Directed by Martin Scorsese

Written by Martin Scorsese, Eric Roth

Starring Leonardo DiCaprio, Lily Gladstone, Robert De Niro

Release Date October 20th, 2023

Published October 20th, 2023

For his latest film, director Martin Scorsese is not taking it easy with a lengthy true story filled with just the kind of sad, cynical and violent men that have fascinated Scorsese for decades. Taking on the case that provided the foundation of the modern FBI, Scorsese takes us to the heart of Osage Country in Oklahoma. Here, a group of Native Americans happened to strike oil and as the money flowed, the Osage thrived. Then came a group of leeches, con artists and hardened criminals with a taste for both blood and money. As much as racism has a major part to play in what came next, greed is also at the rotting, curdled core of what happened to the Osage people.

We open on a ceremony. A group of Native Americans are in a tent and delivering exposition in a rather unique way. Via this ceremony, we are drawn into the time period, just after the discovery of oil rich land and just before murderers, thieves, and parasites came looking to rob the Osage people of their newfound wealth. In this ceremony, the elders share a peace pipe that they are laying to rest, it's taught them all it can teach and it is to be symbolically buried.

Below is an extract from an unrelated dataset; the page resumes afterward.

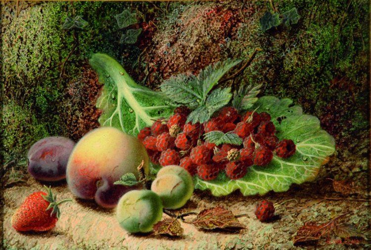 Still life of raspberries, a strawberry, peaches, plum and greengages

The symbolism is obvious, the death of the old ways and the start of an unpredictable, one that is murky and likely dangerous.

It's a brilliant opening and it sets the stage for everything that we will see going forward in Killers of the Flower Moon. From there we leap ahead to a train where a man is coming home from the first world war. Ernest (Leonardo DiCaprio), could not possibly have a more appropriate name. With his lack of education and naïve willingness to take things at face value, Ernest is earnestness personified. Ernest has come to the Osage country on the invitation of his Uncle Bill (Robert De Niro), though he knows him as King. Ernest's Uncle welcomes him with open arms and immediately sets about manipulating the simple young man in the ways of his con.

King Bill has befriended the Osage but the reality is gravely sinister. In an effort to get at Native American land rights, King has weaseled his way into Native American society. He's positioned people in key families with the goal of marrying into Native American families and then, and this is not made explicit immediately, either blatantly murdering them or slowly poisoning them in order to inherit their fortune. With the arrival of Ernest, King has a perfect candidate for this scheme. Though Ernest is simple, he's also handsome and confident around women. He's just the man to use to catch a woman's eye.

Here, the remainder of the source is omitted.